━━━ Available data
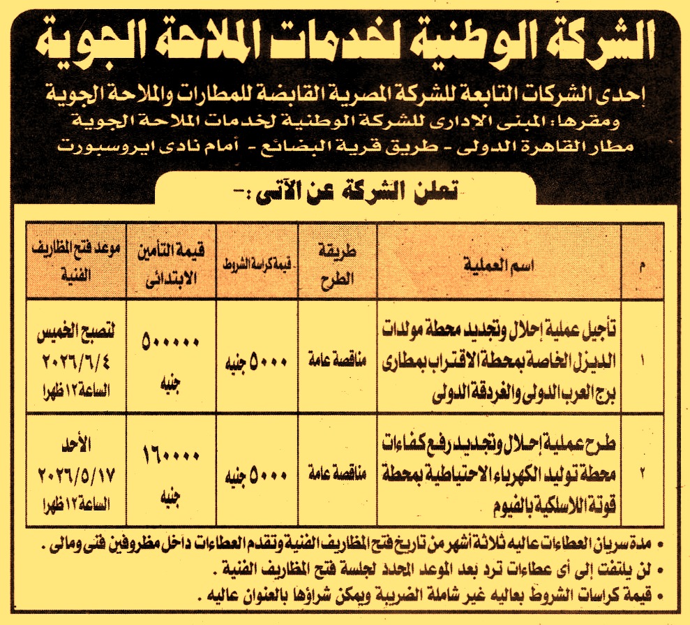 HOT Information مناقصة عامة لعملية إحلال وتجديد رفع كفاءات محطة توليد الكهرباء الاحتياطية بمحطة قوتة اللاسلكية بالفيوم (مدة سريان العطاءات 3 أشهر) عن جريدة الأهرام Post navigation وزارة الشباب والرياضة شركة إستثمارية كبرى
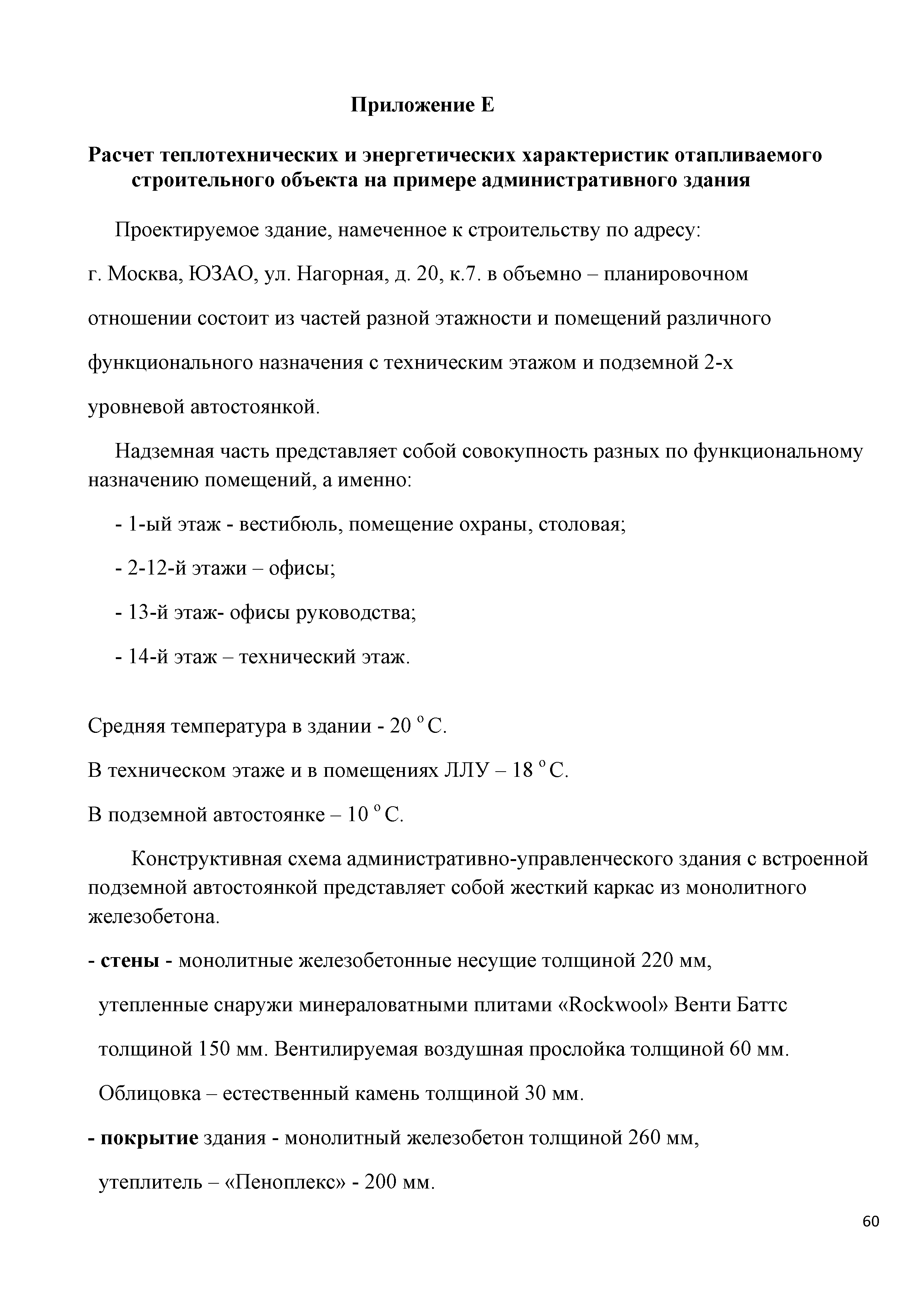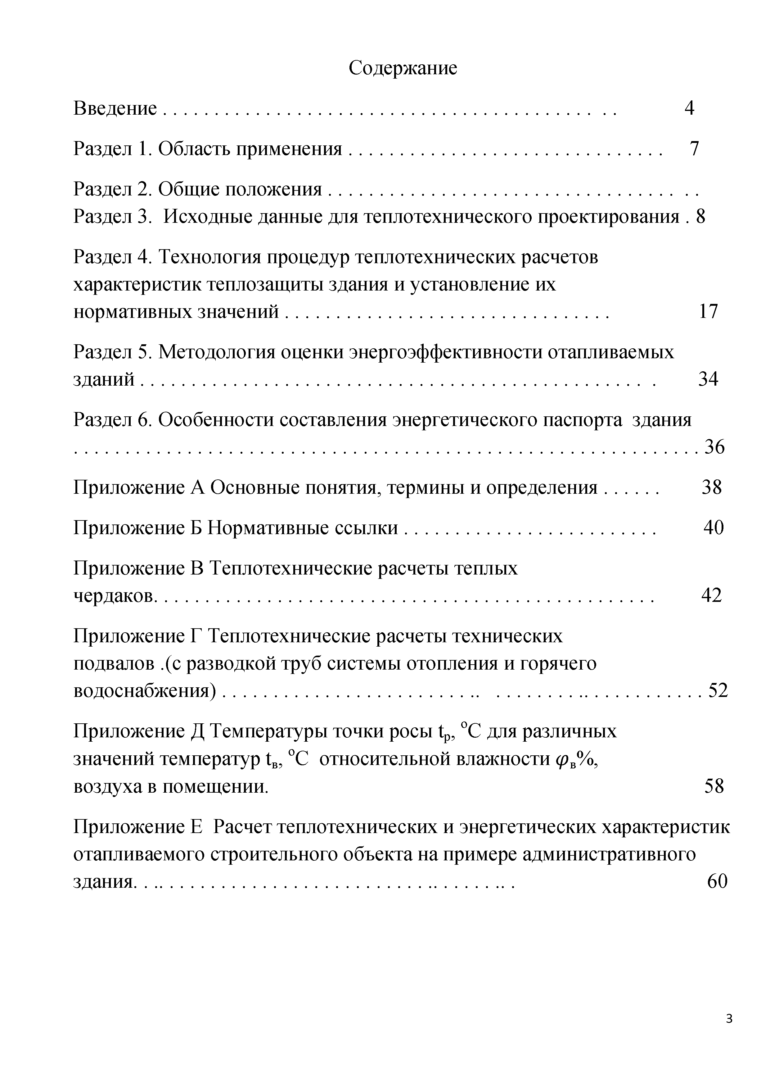 | Оглавление: | Введение Раздел 1. Область применения Раздел 2. Общие положения Раздел 3. Исходные данные для теплотехнического проектирования Раздел 4. Технология процедур теплотехнических расчетов характеристик теплозащиты здания и установление их нормативных значений Раздел 5. Методология оценки энергоэффективности отапливаемых зданий Раздел 6. Особенности составления энергетического паспорта здания Приложение А. Основные понятия, термины и определения Приложение Б. Нормативные ссылки Приложение В. Теплотехнические расчеты теплых чердаков Приложение Г. Теплотехнические расчеты технических подвалов (с разводкой труб системы отопления и горячего водоснабжения) Приложение Д. Температуры точки росы t градусов Цельсия для различных значений температур относительной влажности воздуха в помещений Приложение Е. Расчет теплотехнических и энергетических характеристик отапливаемого строительного объекта на примере административного здания |
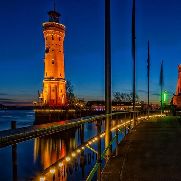 Lindau liegt am Ufer des Bodensees und verbindet historischen Charme mit zeitgemäßem Komfort. Ihre Reise beginnt am ikonischen Mangturm, einem mittelalterlichen Wachturm, der einst als Teil der historischen Befestigungsanlagen der Stadt Wache stand. Bewundern Sie von dort aus den Postkarten-perfekten Hafen, umrahmt von zwei der berühmtesten Wahrzeichen Lindaus – dem eleganten Leuchtturm und der hoch aufragenden sechs Meter hohen Bayerischen Löwenstatue. Spazieren Sie über die Maximilianstraße, einst das geschäftige Herz der Lindauer Zünfte und des Handels, und bestaunen Sie das markante gotische Alte Rathaus, dessen Fassade reich mit bunten Fresken geschmückt ist. Während Sie durch Kopfsteinpflastergassen, belebte Plätze und die malerische Seepromenade schlendern, erweckt Ihr privater Fortgeschrittener mit spannenden Geschichten und faszinierenden Legenden Jahrhunderte lokaler Geschichte zum Leben.
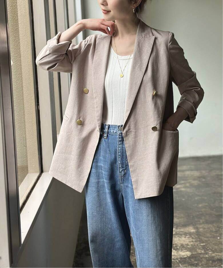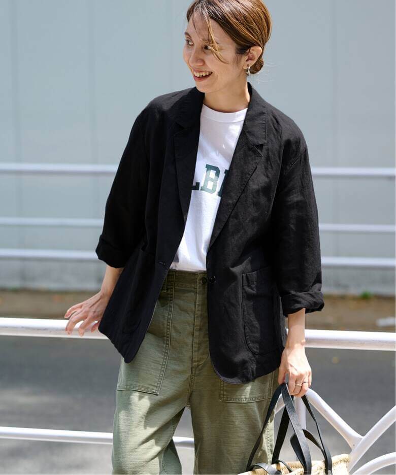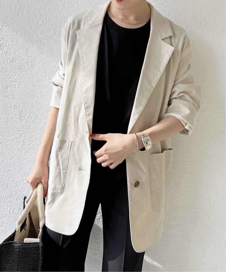 リネンで今どきなラフさを投入夏のオフィススタイルでもカジュアルスタイルでも着回せるリネンジャケット。かっちりしすぎないリラックスムードが今っぽい。タイトすぎないシルエットが狙い目。
━━━━━━
What to produce → Here the job is to print the data above exactly, except for any pictures.

Result below →
 HOT Information مناقصة عامة لعملية إحلال وتجديد رفع كفاءات محطة توليد الكهرباء الاحتياطية بمحطة قوتة اللاسلكية بالفيوم (مدة سريان العطاءات 3 أشهر) عن جريدة الأهرام Post navigation وزارة الشباب والرياضة شركة إستثمارية كبرى
 | Оглавление: | Введение Раздел 1. Область применения Раздел 2. Общие положения Раздел 3. Исходные данные для теплотехнического проектирования Раздел 4. Технология процедур теплотехнических расчетов характеристик теплозащиты здания и установление их нормативных значений Раздел 5. Методология оценки энергоэффективности отапливаемых зданий Раздел 6. Особенности составления энергетического паспорта здания Приложение А. Основные понятия, термины и определения Приложение Б. Нормативные ссылки Приложение В. Теплотехнические расчеты теплых чердаков Приложение Г. Теплотехнические расчеты технических подвалов (с разводкой труб системы отопления и горячего водоснабжения) Приложение Д. Температуры точки росы t градусов Цельсия для различных значений температур относительной влажности воздуха в помещений Приложение Е. Расчет теплотехнических и энергетических характеристик отапливаемого строительного объекта на примере административного здания |
 Lindau liegt am Ufer des Bodensees und verbindet historischen Charme mit zeitgemäßem Komfort. Ihre Reise beginnt am ikonischen Mangturm, einem mittelalterlichen Wachturm, der einst als Teil der historischen Befestigungsanlagen der Stadt Wache stand. Bewundern Sie von dort aus den Postkarten-perfekten Hafen, umrahmt von zwei der berühmtesten Wahrzeichen Lindaus – dem eleganten Leuchtturm und der hoch aufragenden sechs Meter hohen Bayerischen Löwenstatue. Spazieren Sie über die Maximilianstraße, einst das geschäftige Herz der Lindauer Zünfte und des Handels, und bestaunen Sie das markante gotische Alte Rathaus, dessen Fassade reich mit bunten Fresken geschmückt ist. Während Sie durch Kopfsteinpflastergassen, belebte Plätze und die malerische Seepromenade schlendern, erweckt Ihr privater Fortgeschrittener mit spannenden Geschichten und faszinierenden Legenden Jahrhunderte lokaler Geschichte zum Leben.
 リネンで今どきなラフさを投入夏のオフィススタイルでもカジュアルスタイルでも着回せるリネンジャケット。かっちりしすぎないリラックスムードが今っぽい。タイトすぎないシルエットが狙い目。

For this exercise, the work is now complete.